→ **Prompt**
Word for word, restate the lines of the data below between those holding "Afbeelding 2: Duitse" and "दिल्ली में भारी", inclusive; pictures do not belong in the copy.

→ **Records for this task**
━━━━━━

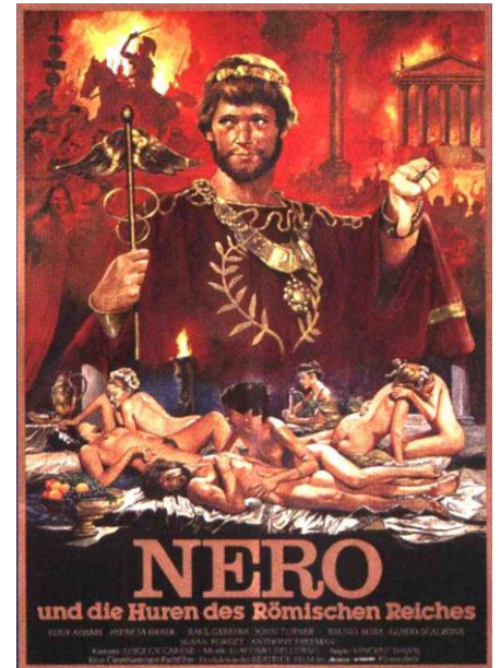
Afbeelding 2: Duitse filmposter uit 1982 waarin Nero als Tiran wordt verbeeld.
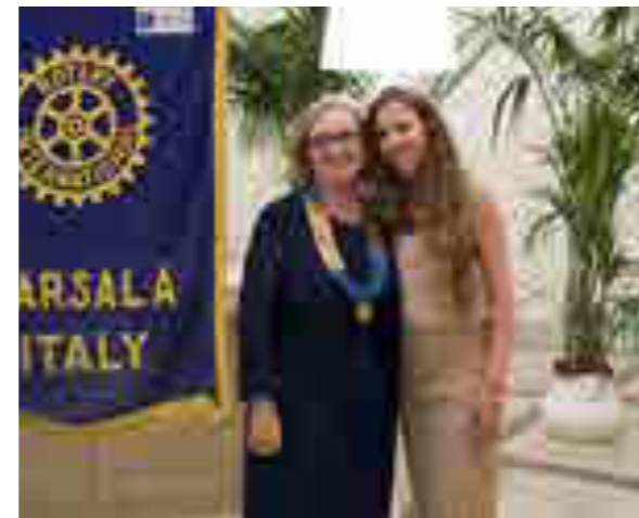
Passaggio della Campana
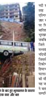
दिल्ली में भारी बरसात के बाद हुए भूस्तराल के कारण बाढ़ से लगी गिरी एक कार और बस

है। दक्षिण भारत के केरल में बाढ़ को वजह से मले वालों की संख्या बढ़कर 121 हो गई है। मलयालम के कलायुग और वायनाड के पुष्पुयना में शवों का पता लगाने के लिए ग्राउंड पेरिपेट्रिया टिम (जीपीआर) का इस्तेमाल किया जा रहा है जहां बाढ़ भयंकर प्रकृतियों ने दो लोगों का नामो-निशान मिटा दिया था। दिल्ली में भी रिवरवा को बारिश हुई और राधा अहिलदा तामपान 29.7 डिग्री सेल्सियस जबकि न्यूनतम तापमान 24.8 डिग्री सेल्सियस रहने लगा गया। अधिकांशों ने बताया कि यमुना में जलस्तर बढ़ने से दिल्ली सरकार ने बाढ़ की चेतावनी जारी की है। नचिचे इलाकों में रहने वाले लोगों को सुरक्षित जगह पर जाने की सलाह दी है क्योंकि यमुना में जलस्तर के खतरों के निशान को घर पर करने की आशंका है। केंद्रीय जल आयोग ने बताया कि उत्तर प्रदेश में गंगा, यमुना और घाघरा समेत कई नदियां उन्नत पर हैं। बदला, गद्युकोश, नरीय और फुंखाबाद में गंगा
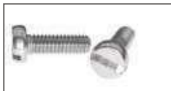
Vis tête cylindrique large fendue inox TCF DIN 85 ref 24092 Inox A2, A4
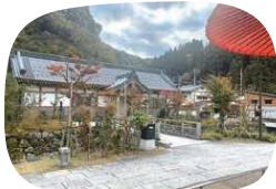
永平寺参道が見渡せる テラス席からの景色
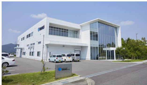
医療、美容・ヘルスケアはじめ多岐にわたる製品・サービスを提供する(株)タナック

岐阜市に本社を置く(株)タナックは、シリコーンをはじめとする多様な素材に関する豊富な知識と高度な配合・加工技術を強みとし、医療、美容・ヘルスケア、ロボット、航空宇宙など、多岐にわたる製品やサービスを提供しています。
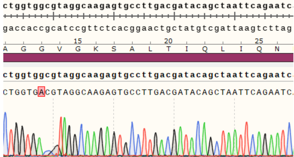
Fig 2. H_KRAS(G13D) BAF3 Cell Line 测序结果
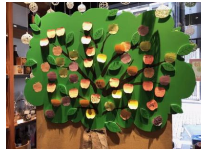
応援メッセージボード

━━━━━━

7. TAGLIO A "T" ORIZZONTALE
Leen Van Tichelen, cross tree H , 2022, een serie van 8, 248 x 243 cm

━━━━━━

→ **Output of the task**
Afbeelding 2: Duitse filmposter uit 1982 waarin Nero als Tiran wordt verbeeld.
Passaggio della Campana
दिल्ली में भारी बरसात के बाद हुए भूस्तराल के कारण बाढ़ से लगी गिरी एक कार और बस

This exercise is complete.